6. The method for generating Chinese co-emotion replies based on UniLM model and Copy mechanism as claimed in claim 2, wherein step 7 specifically comprises: and (3) evaluating the co-emotion replies generated in the step (6) through evaluation standards such as confusion, automatically putting the expected co-emotion replies and user input into the corpus in the step (1) for iterative training, enhancing training data, and obtaining an updated and optimized co-emotion reply generation model.

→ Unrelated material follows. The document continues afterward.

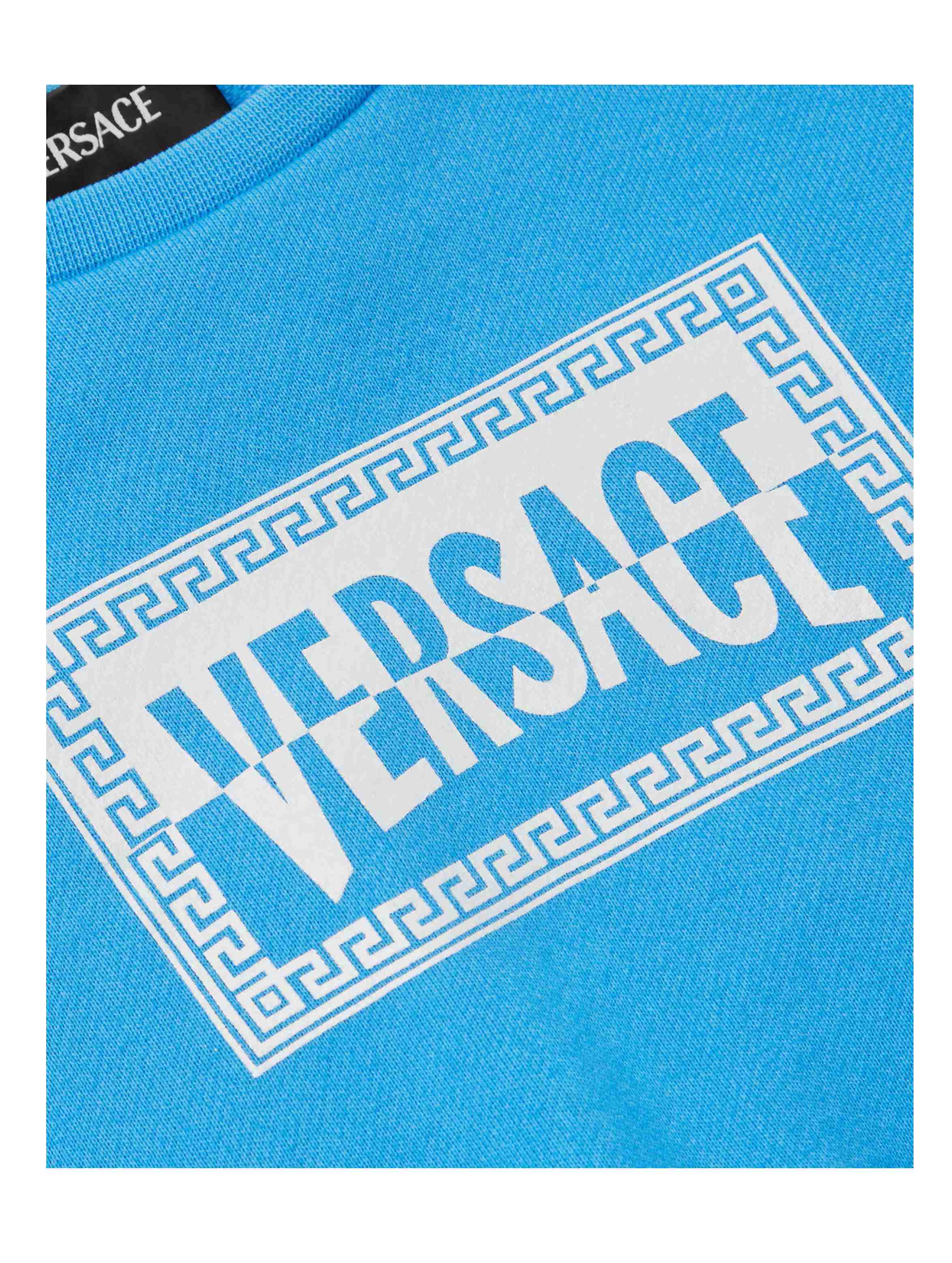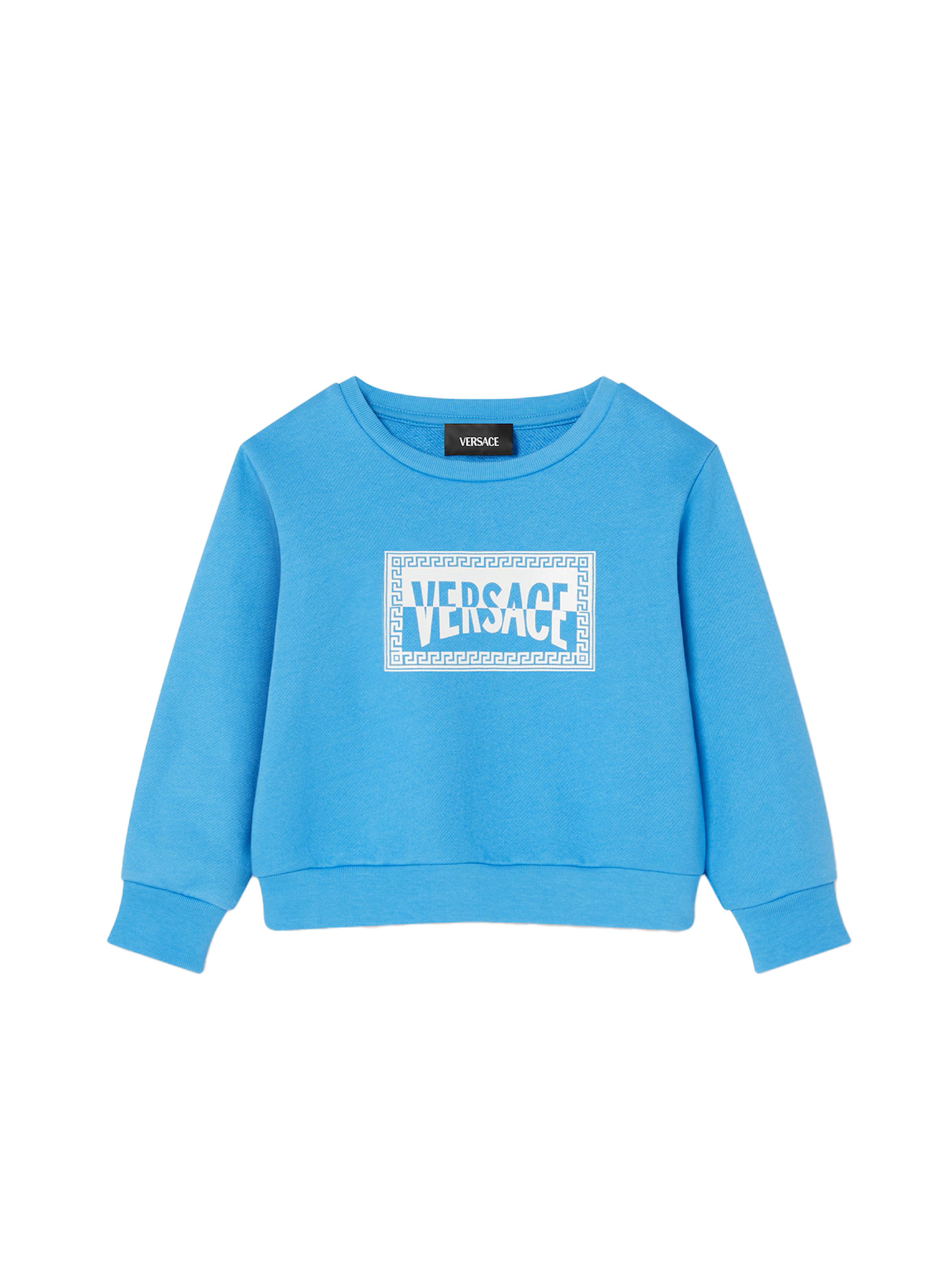 Felpa in jersey di cotone a maniche lunghe, a tinta unita, con scollo rotondo, bordi e polsini a costine, apertura con bottoncini sulla spalla e maxi grafica Etichetta Club a contrasto bicolor sul davanti. Per un look casual e trendy. VERSACE

7. A chinese co-emotion reply generation system based on the generation method of any one of claims 1 to 6, comprising:

the detail copying module is used for copying emotion keywords and complex event details in the source sequence into output;

and the co-emotion reply generation model module is used for evaluating the output co-emotion replies by using evaluation standards such as confusion, and putting expected replies and user statements into the original training corpus to perform compound automatic iterative training so as to obtain a further updated and optimized co-emotion reply generation model.

8. A computer device comprising a memory and a processor, the memory storing a computer program which, when executed by the processor, causes the processor to perform the steps of the method of improving pedestrian detection of a YOLOv4 network according to any one of claims 1-5.

9. A computer readable storage medium storing a computer program which, when executed by a processor, causes the processor to perform the steps of the improved method of pedestrian detection in a YOLOv4 network according to any one of claims 1-5.

10. An information data processing terminal for realizing the pedestrian detection system of the improved YOLOv4 network according to claim 1.